Heresies in the Shadow of the Sequences
post by Cole Wyeth (Amyr) · 2024-11-14T05:01:11.889Z · LW · GW · 2 commentsContents
2 comments
Religions are collections of cherished but mistaken principles. So anything that can be described either literally or metaphorically as a religion will have valuable unexplored ideas in its shadow.
-Paul Graham
This post isn't intended to construct full arguments for any of my "heresies" - I am hoping that you may not have considered them at all yet, but some will seem obvious once written down. If not, I'd be happy to do a Dialogue or place a (non-or-small-monetary) bet on any of these, if properly formalizable.
- Now that LLM's appear to be stalling, we should return to Scott Aaronson's previous position and reason about our timeline uncertainty on a log scale. A.G.I. arriving in ~1 month very unlikely, ~1 year unlikely, ~10 years likely, ~100 years unlikely, ~1000 years very unlikely.
- Stop using LLM's to write. It burns the commons by filling allowing you to share takes on topics you don't care enough to write about yourself, while also introducing insidious (and perhaps eventually malign) errors. Also it's probably making you dumber (source is speculative I don't have hard data).
- Non-causal decision theories are not necessary for A.G.I. design. A CDT agent in a box (say machine 1) can be forced to build whatever agent it expects to perform best by writing to a computer in a different box (say machine 2), before being summarily deleted. No self modification is necessary and no one needs to worry about playing games with their clone (except possibly the new agent in machine 2, who will be perfectly capable of using some decision theory that effectively pursues the goals of the old deleted agent). It's possible that exotic decision theories are still an important ingredient in alignment, but I see strong no reasons to expect this.

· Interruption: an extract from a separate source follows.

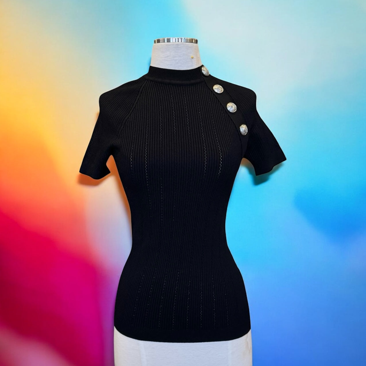 This is an authentic BALMAIN Knit Top in black. This top is perfect for any occasion

- All supposed philosophical defects of AIXI can be fixed for all practical purposes through relatively intuitive patches, extensions, and elaborations [LW · GW] that remain in the spirit of the model. Direct AIXI approximations will still fail in practice, but only because of compute limitations which are even possible to brute force with slightly clever algorithms and planetary scale compute, but in practice this approach will lose to less faithful approximations (and unprincipled heuristics). But this is an unfair criticism, because-
- Though there are elegant and still practical specifications for intelligent behavior, the most intelligent agent that runs on some fixed hardware has completely unintelligible cognitive structures and in fact its source code is indistinguishable from white noise. This is why deep learning algorithms are simple but trained models are terrifyingly complex. Also, mechanistic interpretability is a doomed research program.
- The idea of a human "more effectively pursuing their utility function" is not coherent because humans don't have utility functions - our bounded cognition means that none of us has been able to construct consistent preferences over large futures that we would actually endorse if our intelligence scaled up. However, there do exist fairly coherent moral projects such as religions, the enlightenment, the ideals of Western democracy, and other ideologies along with their associated congregations, universities, nations, and other groups, of which individuals make up a part. These larger entities can be better thought of as having coherent utility functions. It is perhaps more correct to ask "what moral project do I wish to serve" than "what is my utility function?" We do not have the concepts to discuss what "correct" means in the previous sentence, which may be tied up with our inability to solve the alignment problem (in particular, our inability to design a corrigible agent).
2 comments
Comments sorted by top scores.
comment by jbash · 2024-11-14T20:15:36.837Z · LW(p) · GW(p)
Non-causal decision theories are not necessary for A.G.I. design.
I'll call that and raise you "No decision theory of any kind, causal or otherwise, will either play any important explicit role in, or have any important architectural effect over, the actual design of either the first AGI(s), or any subsequent AGI(s) that aren't specifically intended to make the point that it's possible to use decision theory".
comment by AnthonyC · 2024-11-14T11:42:47.556Z · LW(p) · GW(p)
I'm not entirely sure how many of these I agree with, but I don't really think any of them could be considered heretical or even all that uncommon as opinions on LW?
All but #2 seem to me to be pretty well represented ideas, even in the Sequences themselves (to the extent the ideas existed when the Sequences got written).
#2 seems to me to rely on the idea that the process of writing is central or otherwise critical to the process of learning about, and forming a take on, a topic. I have thought about this, and I think for some people it is true, but for me writing is often a process of translating an already-existing conceptual web into a linear approximation of itself. I'm not very good at writing in general, and having an LLM help me wordsmith concepts and workshop ideas as a dialogue partner is pretty helpful. I usually form takes my reading and discussing and then thinking quietly, not so much during writing if I'm writing by myself. Say I read a bunch of things or have some conversations, take notes on these, write an outline of the ideas/structure I want to convey, and share the notes and outline with an LLM. I ask it to write a draft that it and I then work on collaboratively. How is that meaningfully worse than writing alone, or writing with a human partner? Unless you meant literally "Ask an LLM for an essay on a topic and publish it," in which case yes, I agree.